Pascal, one of my favourite philosophers, once said ‘the heart has its reasons, of which reason knows nothing’, and Tolstoy said ‘when you love someone, you love the whole person’. Together these quotes distill what my healing journey has taught me about love.
What your heart knows doesn’t always make sense, and it doesn’t need to. What’s important is that you listen to your heart and trust it. Tolstoy’s quote draws out that loving someone truly, yourself included, means loving them as a whole.
It is this completeness, or Oneness (the name for God in Sikhi), that captures the essence of love; that defines it, not as a feeling, but as something ubiquitous, like oxygen, a universal force which causes flowers to bloom in perfect time and seasons to change.
If I trusted my inner voice and the perfect timing of nature I knew I would heal.
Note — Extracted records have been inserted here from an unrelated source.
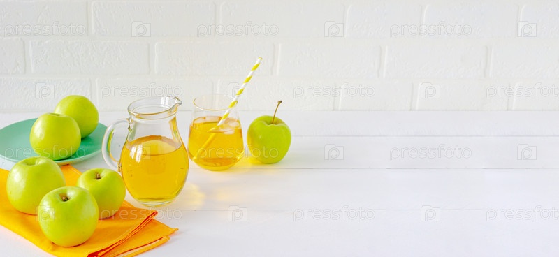 Свежий домашний яблочный сок и зеленые яблоки на белом столе. Здоровый утренний напиток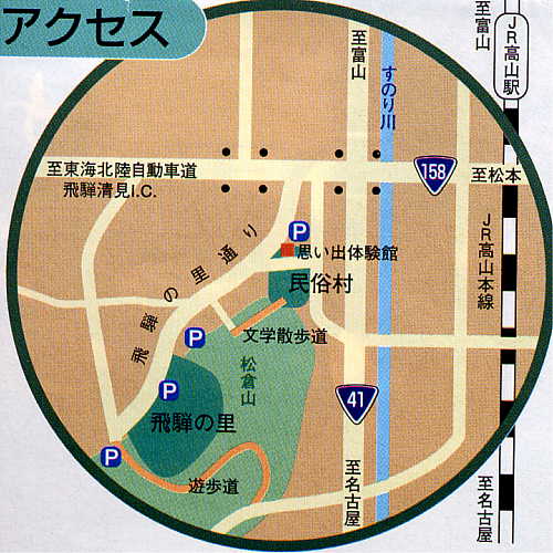 東海北陸自動車道清見インターを経由し、中部縦貫自動車道高山西インターから約20分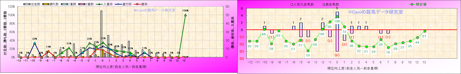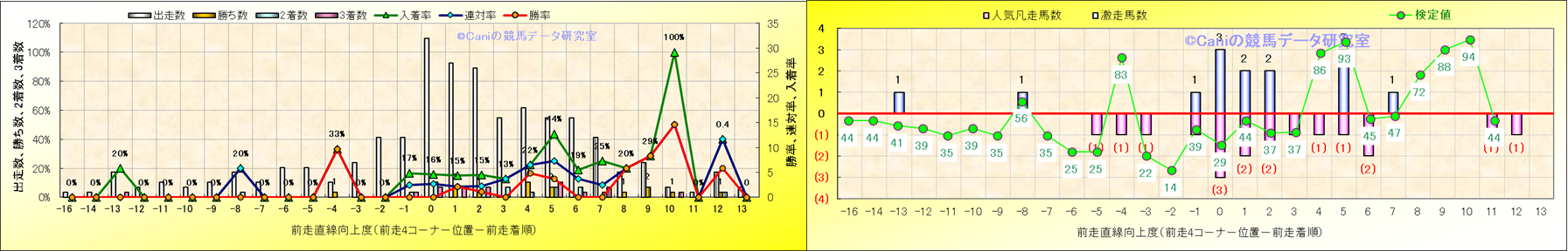 前走直線向上度(前走4コーナー位置-前走着順)別解析 |

As time passed, my body and heart did heal with the love of my family, friends, God and myself.
My journey has shown me that if everyone opened to the healing power of their heart the world would be a better place. Yet it took being broken for me to realise I had done love a disservice by understanding it purely in a romantic sense.
Eventually I came to see love not only as a feeling, but as the essential force behind the creation, continuation and conclusion of life. I know now that we owe everything in life to love; even events that appear bad at the time. Despite everything I’ve experienced, I can truly say I’m grateful for love’s gifts; gifts without which I, and the world, would be immeasurably poorer.